US20100289712A1 - Multiband conformed folded dipole antenna

Info

Publication number: US20100289712A1
Application number: US12/465,460
Authority: US
Inventors: Tianji Zheng; Julio Castaneda
Original assignee: Motorola Inc
Current assignee: Google Technology Holdings LLC
Priority date: 2009-05-13
Filing date: 2009-05-13
Publication date: 2010-11-18
Also published as: US8013800B2

Abstract

A multiband comformed-slotted-folded dipole antenna (200) having a unitary conformed shape conductor conforming to an internal communication device configuration (400). The antenna can include a folded dipole (203, 205, 209, 206, 204) forming a part of the unitary conformed shape and having a first portion (212 or 213) forming at least one slot in a slotted plane (220) and a second portion (210 or 211) forming at least one slot in a second plane (230) substantially perpendicular to the slotted plane. The at least one slot in the second plane controls high band antenna resonance and a length (209) of a metal portion in the slotted plane controls lower band resonance. Additional embodiments are disclosed.

Description

FIELD OF THE DISCLOSURE

This invention relates generally to antennas, and more particularly to a multiband antenna operating on several distinct bands.

BACKGROUND

As wireless devices become exceedingly slimmer and greater demands are made for antennas operating on a diverse number of frequency bands, common antennas such as a Planar Inverted “F” Antenna (PIFA) design becomes impractical for multiband use in such slim devices due to its inherent height requirements. Antenna configurations typically used for certain bands can easily interfere or couple with other antenna configurations used for other bands. Thus, designing antennas for operation across a number of diverse bands each band having a sufficient bandwidth of operation becomes a feat in artistry as well as utility, particularly when such arrangements must meet the volume requirements of today's smaller communication devices.
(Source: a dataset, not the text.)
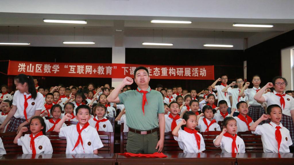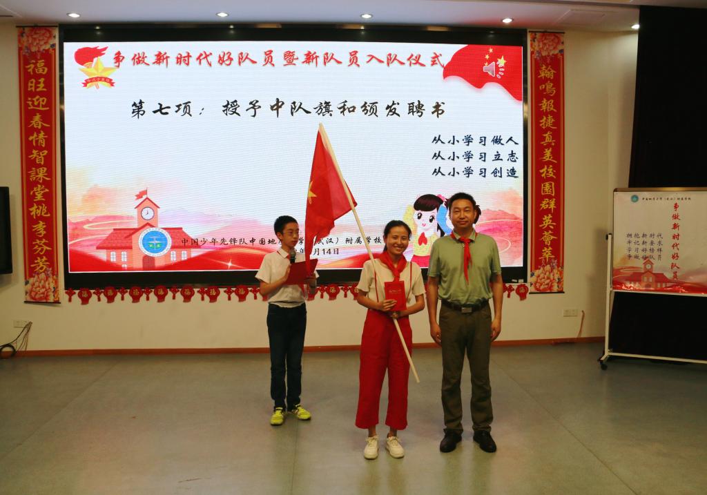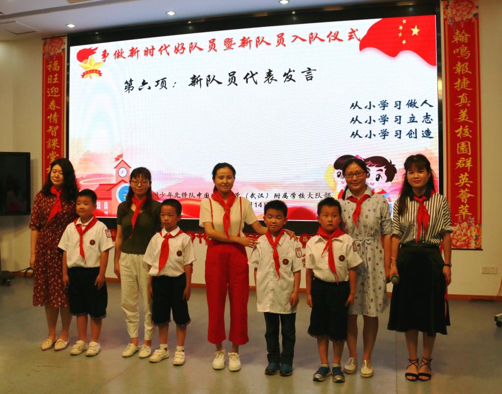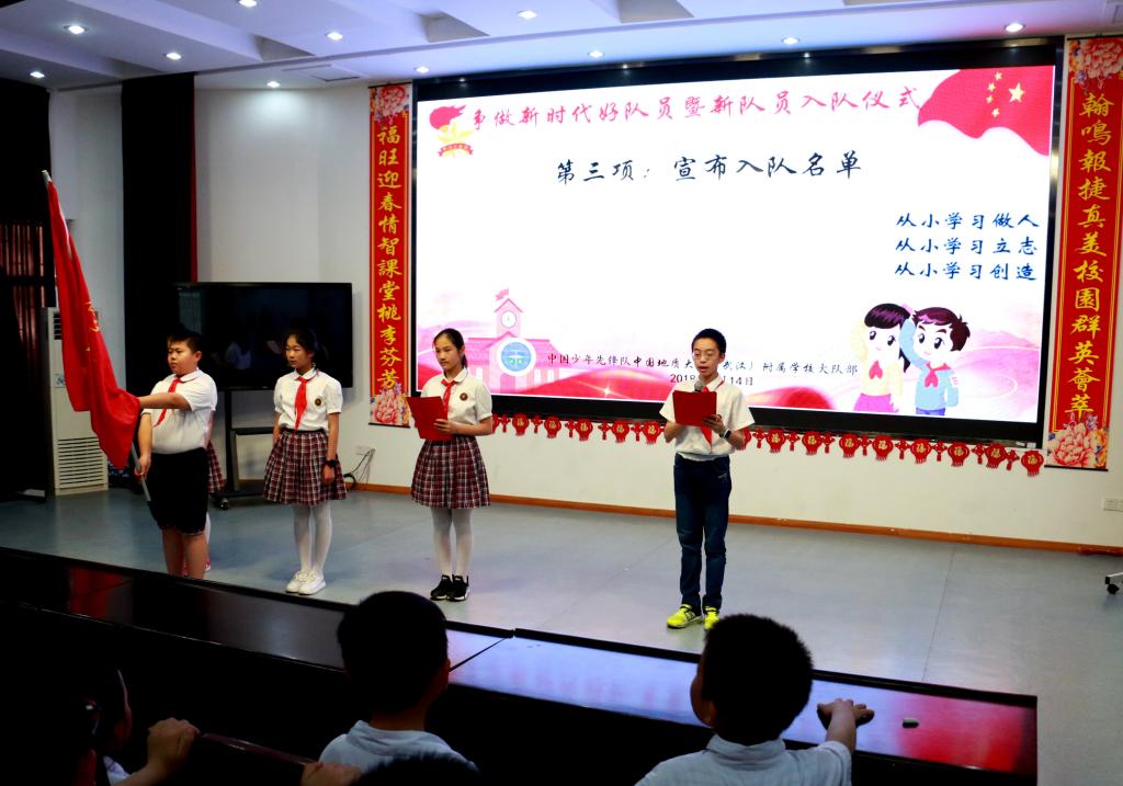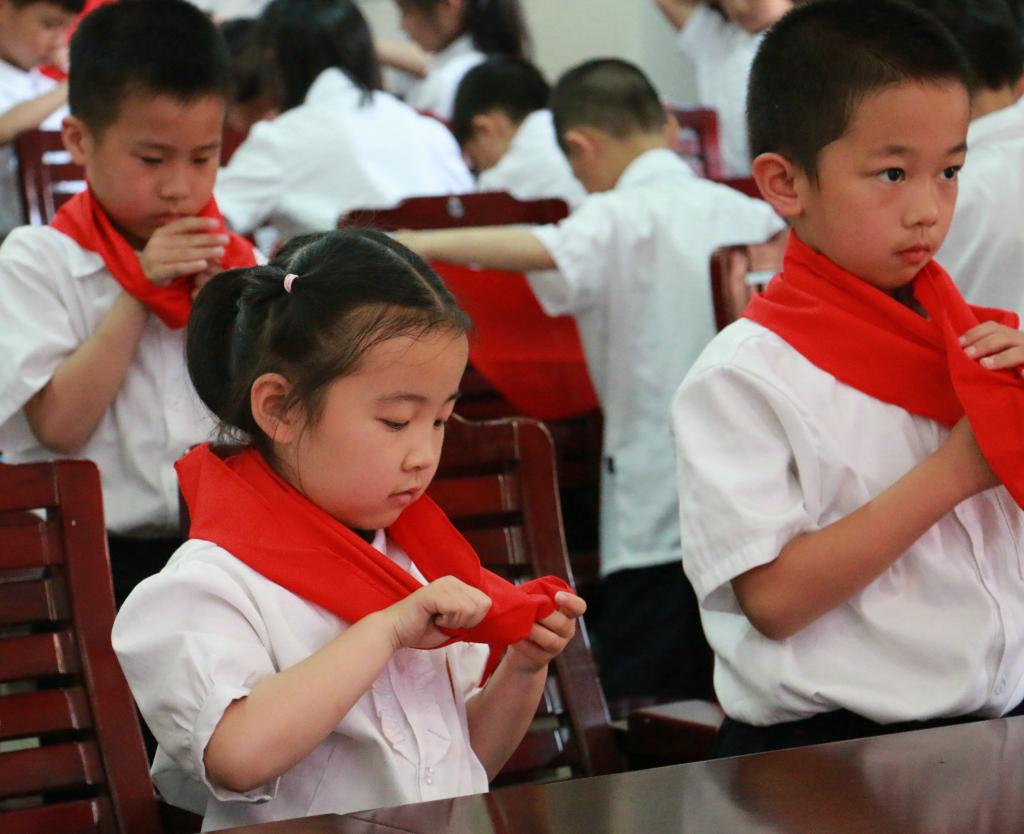 在万众期待之中,入队仪式正式拉开了帷幕。队员们个个神采奕奕,在队旗下骄傲地挺起胸:佩戴红领巾、敬礼、唱队歌、呼号、宣誓,在大队辅导员老师的带领下,少先队员们大声呼号:“时刻准备着!”表明了为共产主义事业贡献力量的决心。

BRIEF DESCRIPTION OF THE DRAWINGS

The accompanying figures, where like reference numerals refer to identical or functionally similar elements throughout the separate views, together with the detailed description below, are incorporated in and form part of the specification, and serve to further illustrate the embodiments and explain various principles and advantages, in accordance with the present disclosure.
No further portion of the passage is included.